§ **Work order**
Exclude the pictures and reproduce the remaining data exactly as written.

§ **Data**
===============
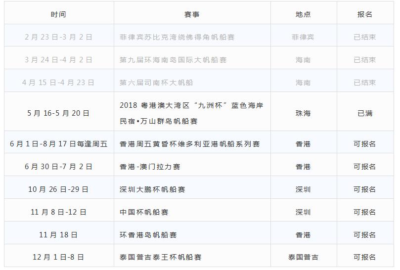 2018年已經(jīng)參加了三場(chǎng)國(guó)際大型帆船賽事,2月份在菲律賓舉辦的蘇比克灣繞佛得角帆船賽、3月份的環(huán)海南島帆船賽以及4月份的司南杯帆船賽,亞太航海三場(chǎng)比賽全部豪取桂冠!接下來(lái)的5-12月,亞太航海還將參加7場(chǎng)國(guó)際帆船賽事,繼續(xù)創(chuàng)造普通人的航海傳奇!同時(shí)接受嘉賓船員體驗(yàn)報(bào)名、企業(yè)贊助。
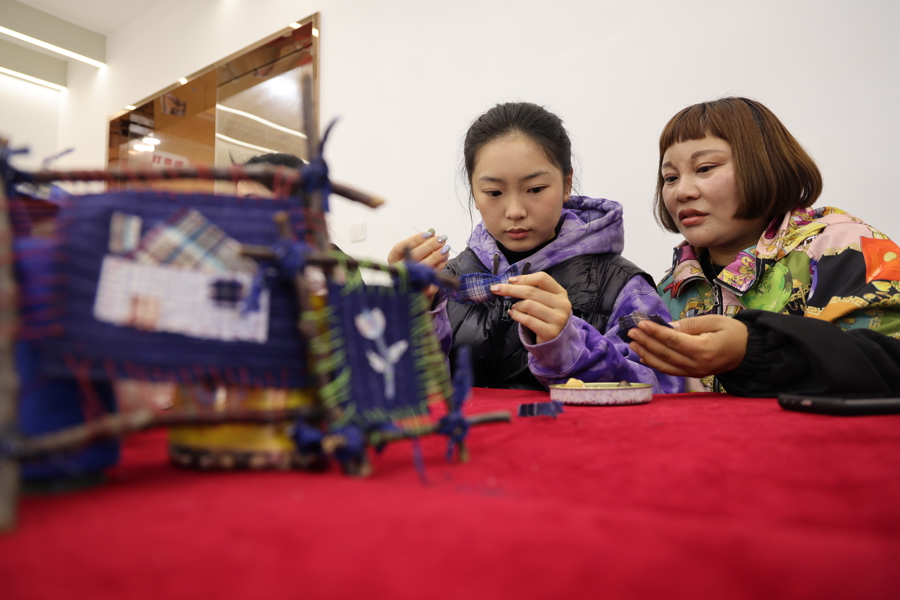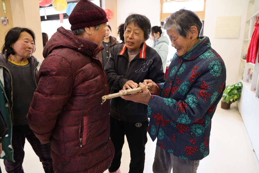 奶奶们拿着早年织布用的老物件回忆着年青时的故事
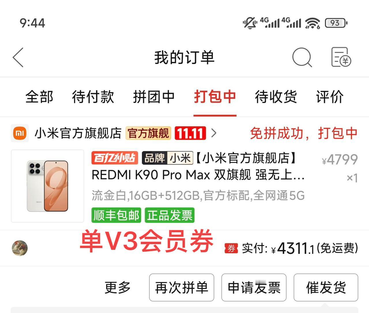 拼多多国补+V3会员,红米K90系列香麻了!K90只用1988起,而K90ProMax则3217起 好消息:店铺就是官方旗舰店了,单用V3会员券的话,是打九折,然后部分地区可以叠加国补,再打8.5折。也就是图1中显示K90仅1988就能到手。 坏消息:另外问了下店铺的人,如果用V3的券的话,K90实物赠品会砍,而K90ProMax则不会砍。 也就是说恰巧你的地区能国补,而且账号可以开通68的V3会员的话,你买K90 ProMax价格是3217元,而K90的价格是1988[吃瓜群众]
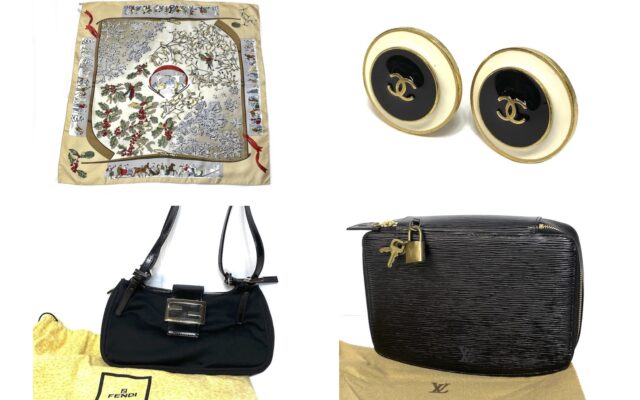 エルメススカーフ、シャネルイヤリング、フェンディバッグ、ヴィトンポーチ
===============
§ **The answer**
 2018年已經(jīng)參加了三場(chǎng)國(guó)際大型帆船賽事,2月份在菲律賓舉辦的蘇比克灣繞佛得角帆船賽、3月份的環(huán)海南島帆船賽以及4月份的司南杯帆船賽,亞太航海三場(chǎng)比賽全部豪取桂冠!接下來(lái)的5-12月,亞太航海還將參加7場(chǎng)國(guó)際帆船賽事,繼續(xù)創(chuàng)造普通人的航海傳奇!同時(shí)接受嘉賓船員體驗(yàn)報(bào)名、企業(yè)贊助。
 奶奶们拿着早年织布用的老物件回忆着年青时的故事
 拼多多国补+V3会员,红米K90系列香麻了!K90只用1988起,而K90ProMax则3217起 好消息:店铺就是官方旗舰店了,单用V3会员券的话,是打九折,然后部分地区可以叠加国补,再打8.5折。也就是图1中显示K90仅1988就能到手。 坏消息:另外问了下店铺的人,如果用V3的券的话,K90实物赠品会砍,而K90ProMax则不会砍。 也就是说恰巧你的地区能国补,而且账号可以开通68的V3会员的话,你买K90 ProMax价格是3217元,而K90的价格是1988[吃瓜群众]
 エルメススカーフ、シャネルイヤリング、フェンディバッグ、ヴィトンポーチ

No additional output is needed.